WORK ITEM →
From the data below, repeat everything exactly except the images.

INFORMATION PROVIDED →
Start of Block

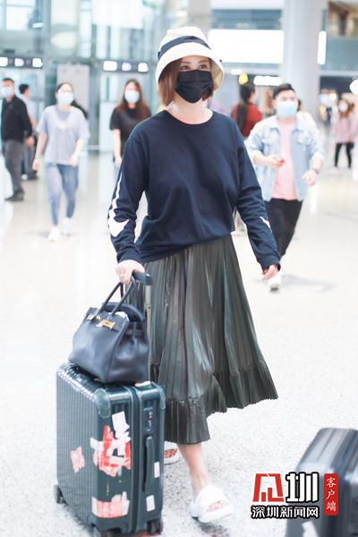 2020年5月14日,上海,張歆藝現(xiàn)身機(jī)場(chǎng)。她頭戴遮陽(yáng)帽,口罩遮面,穿著黑色長(zhǎng)袖T恤搭配百褶長(zhǎng)裙,自提行李箱現(xiàn)身機(jī)場(chǎng),獲粉絲送機(jī),揮手道別。
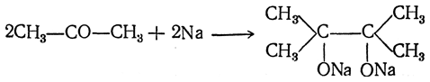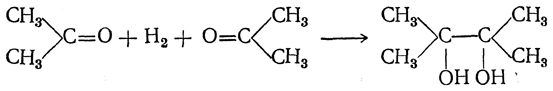 Восстановление кетонов часто может идти также и в другом направлении, а именно с присоединением атома водорода к кислороду карбонильной группы, причем атомы углерода карбонильных групп двух молекул связываются между собой, например:
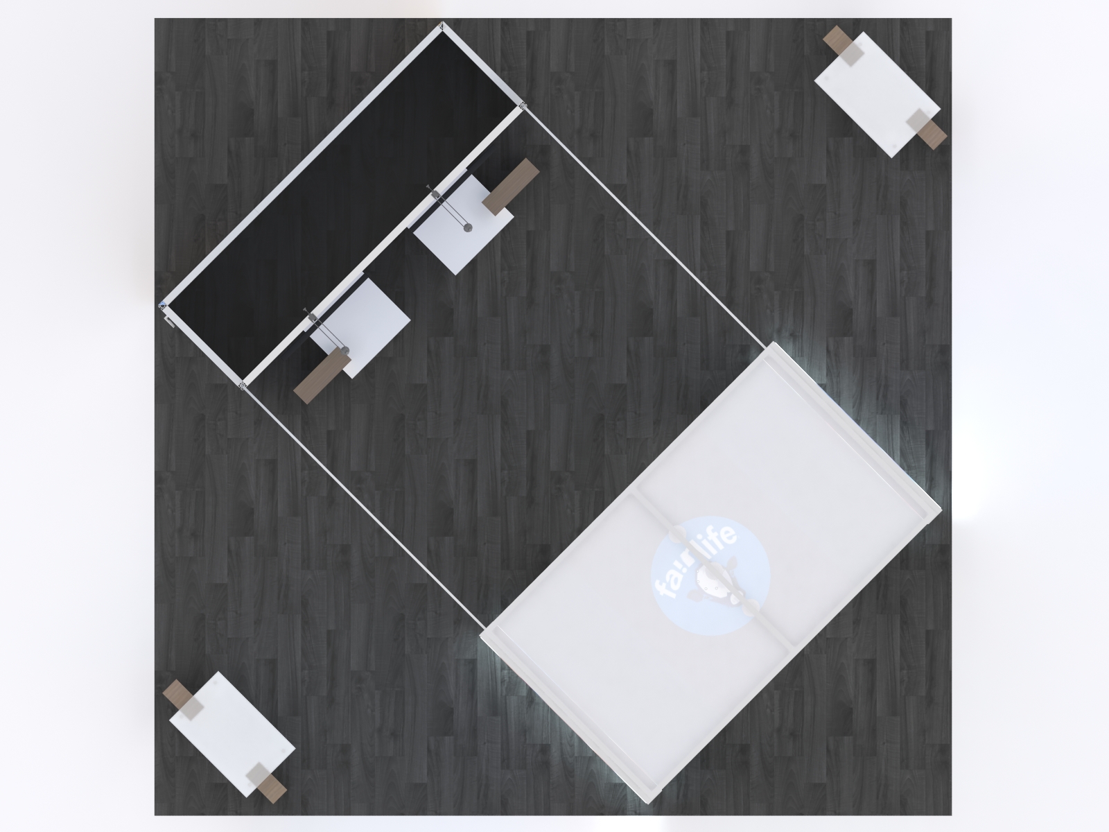 An Island Exhibit should attract attention. The VK-5147 and VK-5148 are designed for maximum exposure at your next show. It all starts with two 12 ft. double-sided SuperNova Lightboxes on either side of a casual meeting space. The meeting space includes a MOD-1430 Charging Station with LED perimeter lights and (8) USB ports. On the aisle, there are small custom reception counters with storage. Beneath the monitors are attractive workstation counters. No island would be complete without closet storage for products, giveaways, coats and briefcases, and cleaning supplies. Anchoring each island design is a 16 ft. double-sided tower with fabric graphics and downlighting.

End of Block

WRITTEN ANSWER →
 2020年5月14日,上海,張歆藝現(xiàn)身機(jī)場(chǎng)。她頭戴遮陽(yáng)帽,口罩遮面,穿著黑色長(zhǎng)袖T恤搭配百褶長(zhǎng)裙,自提行李箱現(xiàn)身機(jī)場(chǎng),獲粉絲送機(jī),揮手道別。
 Восстановление кетонов часто может идти также и в другом направлении, а именно с присоединением атома водорода к кислороду карбонильной группы, причем атомы углерода карбонильных групп двух молекул связываются между собой, например:
 An Island Exhibit should attract attention. The VK-5147 and VK-5148 are designed for maximum exposure at your next show. It all starts with two 12 ft. double-sided SuperNova Lightboxes on either side of a casual meeting space. The meeting space includes a MOD-1430 Charging Station with LED perimeter lights and (8) USB ports. On the aisle, there are small custom reception counters with storage. Beneath the monitors are attractive workstation counters. No island would be complete without closet storage for products, giveaways, coats and briefcases, and cleaning supplies. Anchoring each island design is a 16 ft. double-sided tower with fabric graphics and downlighting.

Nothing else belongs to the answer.